= Dorit Bar-On =

American philosopher (born 1955)

Dorit Bar-On (דורית בר-און; born 1955) is a Professor of Philosophy at the University of Connecticut and Director of the Expression, Communication, and the Origins of Meaning (ECOM) Research Group. Her research focuses on philosophy of language, philosophy of mind, epistemology, and metaethics. She previously held positions at the University of Rochester and UNC-Chapel Hill, where she was the Zachary Smith Distinguished Term Professor of Research and Undergraduate Education from 2014 to 2015.

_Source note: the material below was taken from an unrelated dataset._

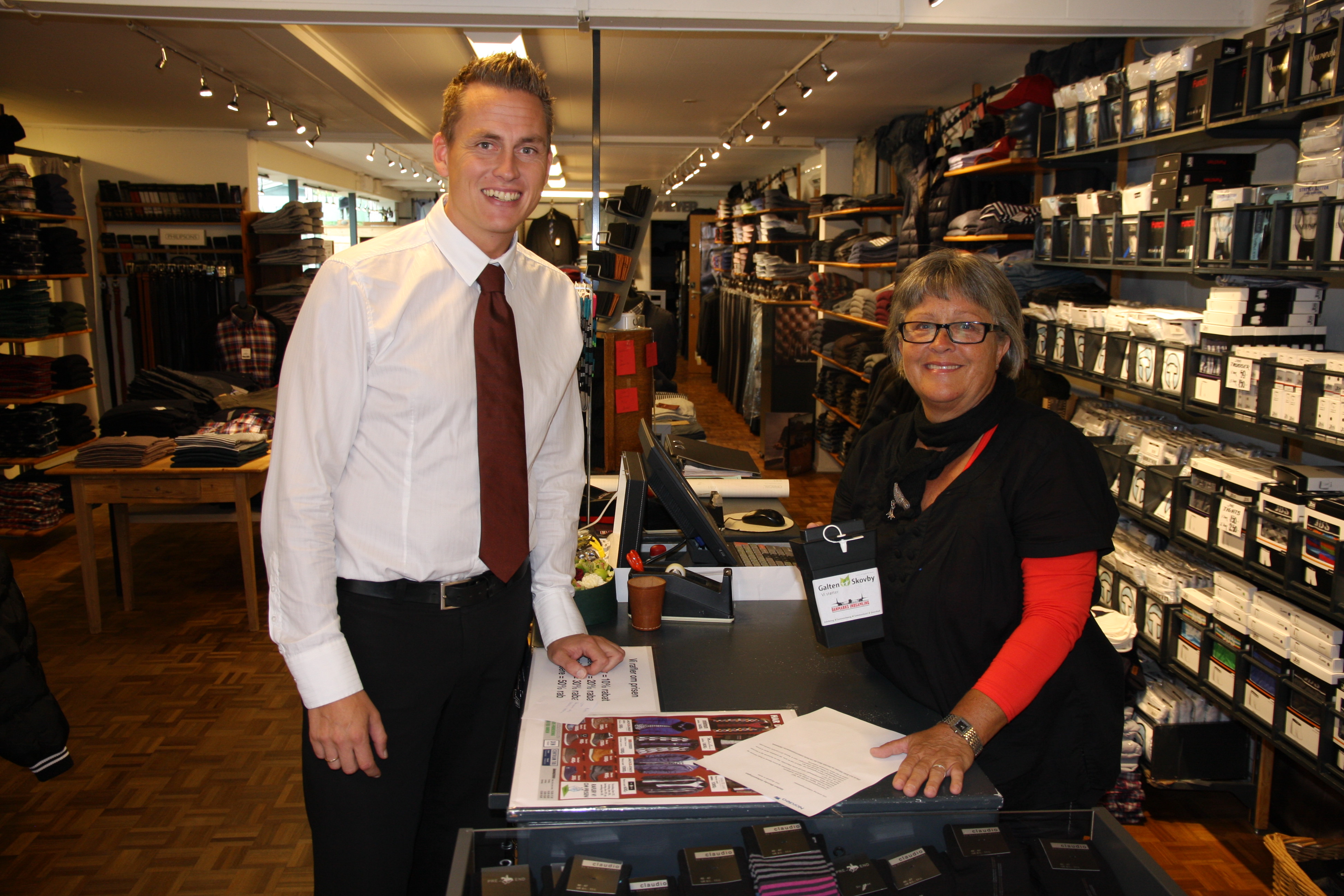 Kenneth Beck fra GMF's bestyrelse og samtidig initiativgruppen bag Galten-Skovbys byindsamling var forleden rundt i lokale butikker for at udlevere de plomberede indsamlingsbøsser, hvor kunderne frem til februar har mulighed for at give et kontant bidrag, når de er ude at handle. Her får Jette Jensen, Centrum Tøj udleveret en indsamlingsbøsse.
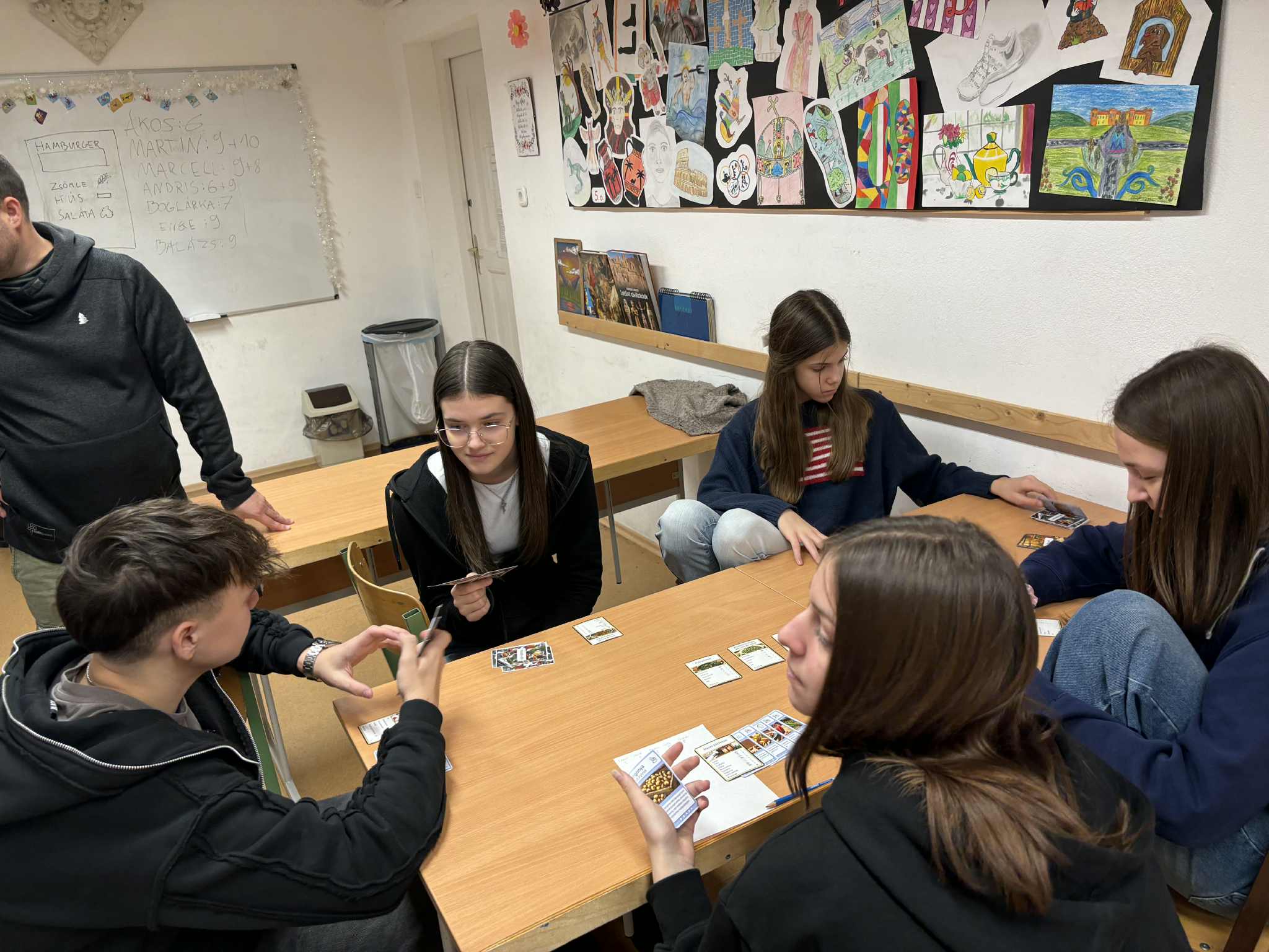 Az előadó az iskolának adományozta a kártyacsomagot, és a játékszabályt is.

== Education and career ==
Bar-On earned a BA at Tel Aviv University in Philosophy and Linguistics before earning her MA and PhD in Philosophy at UCLA. Her dissertation, Indeterminacy of Translation: Theory and Practice, was written under the supervision of Tyler Burge, Rogers Albritton, Keith Donnellan, David Kaplan, and David Pears. Bar-On has also written Hebrew translations of poetry, fiction, and philosophy, including three anthologies in modern philosophy, writings by Iris Murdoch, Kurt Vonnegut, Dos Passos, Dorothy Richardson, E. E. Cummings, Robert Louis Stevenson, Walter Scott, and, in collaboration with Marcia Falk, a collection of poems by Zelda Schneerson Mishkovsky and The Book of Blessings.

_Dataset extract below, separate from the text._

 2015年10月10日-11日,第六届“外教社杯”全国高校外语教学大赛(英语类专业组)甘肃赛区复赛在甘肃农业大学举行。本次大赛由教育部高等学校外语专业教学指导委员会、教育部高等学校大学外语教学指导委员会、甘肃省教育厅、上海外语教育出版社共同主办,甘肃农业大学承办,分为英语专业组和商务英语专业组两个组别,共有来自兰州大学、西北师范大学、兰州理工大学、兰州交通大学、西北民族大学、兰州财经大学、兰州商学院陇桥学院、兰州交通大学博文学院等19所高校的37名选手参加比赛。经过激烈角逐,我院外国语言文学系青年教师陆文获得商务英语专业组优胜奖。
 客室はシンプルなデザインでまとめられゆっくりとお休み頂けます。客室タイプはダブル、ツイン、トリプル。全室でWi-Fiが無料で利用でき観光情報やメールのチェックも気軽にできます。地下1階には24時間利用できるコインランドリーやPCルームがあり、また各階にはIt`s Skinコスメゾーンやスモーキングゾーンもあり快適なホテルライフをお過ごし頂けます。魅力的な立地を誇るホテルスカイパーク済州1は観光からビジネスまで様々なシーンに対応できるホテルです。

Her other professional experience includes being a radio producer, editor and broadcaster for the Israel IDF radio station, a television writer and host in Israel, and a Hebrew television newscaster and interviewer for Channel 18 in Los Angeles. Bar-On also formerly served as the President of MYCO@UNC, a youth chamber organization, from 2009 to 2012.

== Research ==
In Speaking My Mind: Expression and Self-Knowledge, published by Oxford University Press, Bar-On investigates the problem of self-knowledge in relation to questions of expression and expressive behavior. She draws on historical figures including Wittgenstein and Darwin to develop a neo-expressivist view of first-personal expressive utterances which explains how these utterances differ epistemically from non-expressive utterances while sharing the same semantic structure. Speaking My Mind was described by Joseph Owens of the University of Minnesota as "a rich book; rich in topics, in argumentation, and in philosophical imagination and insight." In subsequent work, Bar-On has applied this neo-expressivist framework to additional problems in the philosophy of language, metaethics, and epistemology. More recently, Bar-On has sought to illuminate the nature of human communication by situating it in relation to animal expressive communication more broadly, and thereby to show how human linguistic meaning can be understood consistently with a naturalistic theory of the world.

== Selected publications ==
- Speaking My Mind: Expression and Self-Knowledge (Oxford University Press, 2004)
- Expression and Self-Knowledge (co-authored with Crispin Wright) (Wiley-Blackwell, 2023)
- “First-Person Authority: Dualism, Constitutivism, and Neo-Expressivism” Erkenntnis 2009
- “The Use of Force Against Deflationism: Assertion and Truth”, (with Keith Simmons) in Truth and Speech Acts: Studies in the Philosophy of Language, Greimann and Siegwart, eds., Routledge, 2007, 61–89.
- “Deflationism”, (with Keith Simmons) in Oxford Handbook in Philosophy of Language, Ernie LePore, ed., Oxford University Press, 2006, 607–630. ISBN 978-0-19-925941-0.